Comparison of change in LVEF and LVEDVI (left ventricular end-diastolic volume index) between the groups is shown in Table 4. LVEF during the mid-term postoperative period tended to be lower in Group PM (55.8 ± 9.6 vs. 61.4 ± 15.5; P = 0.051). In Group PM, change in LVEF (ΔLVEF) from preoperative to short-term postoperative period tended to be larger (8.4 ± 13 vs. 2.0 ± 8.2; P = 0.156). More patients had a ≥ 10% increase in LVEF in Group PM (46%) compared with Group non-PM (20%; P = 0.092). There was no significant difference in LVEDVI and changes in LVEDVI (ΔLVEDVI) between the two groups in the short and mid-term postoperative periods. Two patients in Group PM were readmitted to the hospital during follow-up due to heart failure (Table 4). One patient had a SDS score of 0 and LVEF of 49% on SPECT during the mid-term postoperative period and coronary angiography confirmed the grafts were all patent. Another patient had a SDS score of 0 and LVEF of 51%, but postoperative coronary angiography was not performed due to severe renal dysfunction.

Table 4

Comparison of LVEF, LVEDVI at rest, and stress, changes in LVEF and cardiac events between persistent mismatch (PM) and non-persistent mismatch (non-PM) groups

	Group PM (n = 13)	Group non-PM (n = 25)	P value
Pre-operative
LVEF (%)	46.4 ± 20.2	56.2 ± 15.3	0.175
Post-operative
LVEF (short- term) (%)	54.8 ± 14.1	58.2 ± 15.9	0.361
LVEF (mid-term) (%)	55.8 ± 9.56	61.4 ± 15.5	0.051
ΔLVEF (pre-op to short-term)	8.4 ± 13	2.0 ± 8.2	0.156
ΔLVEF (pre-op to mid-term)	9.5 ± 15	5.2 ± 10	0.528
ΔLVEF (short to mid-term)	1.1 ± 12	3.2 ± 8.2	0.274
Increase ≥ 10% in LVEF (pre-op to short-term)	6 (46)	5 (20)	0.092
Increase ≥ 10% in LVEF (pre-op to mid-term)	5 (38)	9 (36)	0.881
Increase ≥ 10% in LVEF (short to mid-term)	3 (23)	6 (24)	0.949
Stress LVEDVI (short-term) (ml/m2)	62.7 ± 22.0	59.7 ± 23.0	0.381
Rest LVEDVI (short-term) (ml/m2)	58.9 ± 21.7	55.6 ± 23.6	0.249
Stress LVEDVI (mid-term) (ml/m2)	61.0 ± 21.4	58.4 ± 22.8	0.612
Rest LVEDVI (mid-term) (ml/m2)	57.8 ± 20.0	54.9 ± 21.4	0.465
ΔStress LVEDVI (ml/m2)	1.25 ± 11.8	1.72 ± 19.8	0.747
ΔRest LVEDVI (ml/m2)	0.711 ± 10.1	1.06 ± 19.2	0.879
Cardiac events
Hospitalization for heart failure	2 (15)	0	0.111
Myocardial infarction	0	0
Unstable angina	0	0
Cardiac death	0	0

Data are mean ± SD or n (%)

LVEF left ventricular ejection fraction, LVEDVI left ventricular end-diastolic volume index, pre-op pre-operation

Discussion

This is the first study to evaluate the serial alteration of myocardial fatty acid metabolism in relation to myocardial perfusion in patients after CABG. The present results demonstrated that perfusion–metabolism mismatch improved from the short- to the mid-term after CABG in the whole patient population.
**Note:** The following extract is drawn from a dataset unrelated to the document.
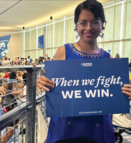 [Right] Speaking about hearing “Kamala” reverberating through the crowd at a rally she attended, Usree Bhattacharya, whose grandmother's name is also Kamala, says, “That moment filled me with so much joy, pride, and a sense of belonging. I think her story is, in so many ways, our story, the story of possibility in America.”

However, there was no association between improvement of perfusion–metabolism mismatch and improvement of ischemia from the short- to the mid-term. In addition, perfusion–metabolism mismatch persisted in the mid-term postoperative period in approximately 30% of patients, excluding the effects of ischemia. The results suggest that persistent decrease in BMIPP uptake after CABG does not necessarily mean ischemic myocardial damage. The present study revealed that a certain number of patients with severe atherosclerosis preoperatively have prolonged postoperative fatty acid metabolism impairment even after successful revascularization.

Serial change in perfusion–metabolism mismatch after myocardial revascularization

Previous studies showed improved perfusion–metabolism mismatch within 2–3 months after percutaneous coronary intervention (PCI) [3, 12]. The present study revealed for the first time that perfusion–metabolism mismatch improved gradually over 6–30 months after CABG. The established theory from previous studies regarding perfusion–metabolism mismatch before and after revascularization are as follows. In acute coronary syndrome, perfusion–metabolism mismatch, which reflects the amount of stunned myocardium, improves after successful reperfusion therapy [3, 13]. In chronic coronary artery disease, the extent of perfusion–metabolism mismatch before revascularization, reflecting the volume of hibernating myocardium under repetitive ischemic condition, is a good predictor of improvement in global ejection fraction, wall motion, and fatty acid metabolism after revascularization. Specifically, a large area of perfusion–metabolic mismatch is associated with marked functional improvement after revascularization and better prognosis [14, 15]. In this study, 34% of our patients still displayed perfusion–metabolism mismatch in the mid-term postoperative period despite resolution of ischemia. The improvement rate of LVEF from the preoperative to short-term postoperative period tended to be higher in patients with persistent perfusion–metabolism mismatch. This suggests that the myocardium of patients with persistent mismatch was exposed to more severe ischemia and had a larger volume of hibernating myocardium preoperatively. The previous study evaluated cases with PCI and predominantly single-vessel disease [3], while most of the patients in our study had multi-vessel disease, i.e., more severe coronary atherosclerosis than in previous studies. This may have caused a different course of myocardial fatty acid metabolism after revascularization. Further investigation is needed on the clinical significance of alteration in perfusion–metabolism mismatch from the mid- to long-term postoperative period.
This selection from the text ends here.